Which is precisely what Julius did – and did very well – for an hour.

Then he left the ante-room and returned to the main studio as if in a trance, not seeming to notice that his master was regarding him quizzically and soon with irritation. In fact, Julius was not aware of any other person being in that studio. He scooped up an armful of terracotta clay, cradling it like a baby as he walked to the end of the room. There he sat down on the ground and laid the clay between his legs. He was sweating profusely. Panting. Little under an hour later, Julius suddenly growled, shouted, wailed, as if something was being wrenched from him. His body was twisted into spasm before collapsing and becoming as flimsy as rags. Rodin, quietly, ventured over. His young student looked up at him, tears silently streaming down his clay-smeared face. The great sculptor looked at what the young Englishman had created, had created in a frenzy, that tortured him so.

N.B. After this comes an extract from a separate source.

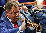 Церемония закрытия Московского джазового фестиваля в КЦ "Зарядье". Джазмен Игорь Бутман (слева) во время выступления на церемонии.

Two figures. About a foot high. Their bodies simultaneously flowing into each other like liquid but also bucked solid at the moment of sexual ecstasy. The redness of the clay accentuating the sense of flesh, blood and arousal.

‘Paolo and Francesca?’ Rodin asked carefully, not wishing to intrude on the intensity of personal experience that had so obviously consumed his student.

‘Yes,’ Julius replied. His voice was hoarse, not from the lie but from the exertion of wresting the form away from his soul and out into clay. Rodin told him to go, to rest for two days, not to visit the studio but to indulge himself with time, to work and create alone, slave only to what this inner inspiration was dictating.

‘I will keep your clay moist,’ Rodin assured him. And he would. For to see brilliance in one’s students is affirming for the teacher. A legacy. A testament. A lineage in the making. The future in safe hands. ‘I am the bridge between the past and the present,’ Rodin muttered at a naked young woman who smiled politely and wondered if she should tell the sculptor that pellets of terracotta clay clung to his great beard like berries to holly.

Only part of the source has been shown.